Bridging visa holders face some of the most difficult working conditions. They are excluded from the formal economy due to their precarious status and pushed into care and service sectors where wage theft and unsafe conditions are the norm. The ability of bridging visa holders to assert their rights is also limited by the current political context, in which temporary migrants are blamed for a number of problems. social and economic illsfrom real estate pressures to inflation.

The way out of this political impasse does not consist of convincing voters in the abstract of “benefits” of migration or by appealing to their benevolence. It is by convincing ordinary workers that immigration restrictions hurt them undermining the conditions of their visa-holding colleagues and protecting their boss’s exploitable and disposable labor supply. There is nearly 3 million temporary migrants in Australia at present, constituting almost 10% of the active population. For most of us, temporary migrants are part of our workplaces – and our lives.

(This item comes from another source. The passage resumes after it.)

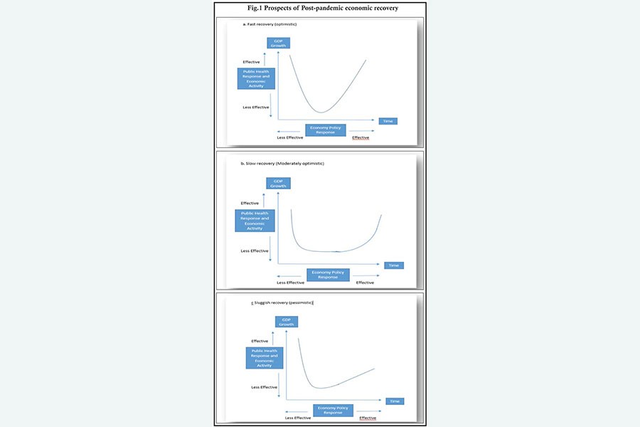 POST-PANDEMIC RECOVERY: To get on the recovery bandwagon once the Covid-19 situation is under control, the economy has to fire on all cylinders: monetary, fiscal, and trade policies, and anything else that could be mustered. Apart from domestic policies to support lives and livelihoods, to rejuvenate Small and medium-sized enterprises (SMEs) and large-scale manufacturing, trade openness with a competitive exchange rate will be the lynchpin of export success that could bring dynamism into the domestic economy. Global economic resurgence will be a critical factor in our own post-pandemic recovery which could take the following shape: (a) fast recovery (optimistic), (b) slow recovery (moderately optimistic), and (c) sluggish recovery (pessimistic), as depicted in Fig.1.

Compassion is no substitute for common cause. That’s what we saw at the recent Woolworths picket, as 1,500 workers, including many on temporary visas, went on strike against the country’s largest supermarket chain. A kitchen strike was created by refugees on transitional visas as a gesture of solidarity with union members who supported their hundred day camp outside the Interior Ministry offices earlier this year.

Being distracted by sleight-of-hand changes in migration levels or reducing the rights of some will ultimately harm the living conditions of us all.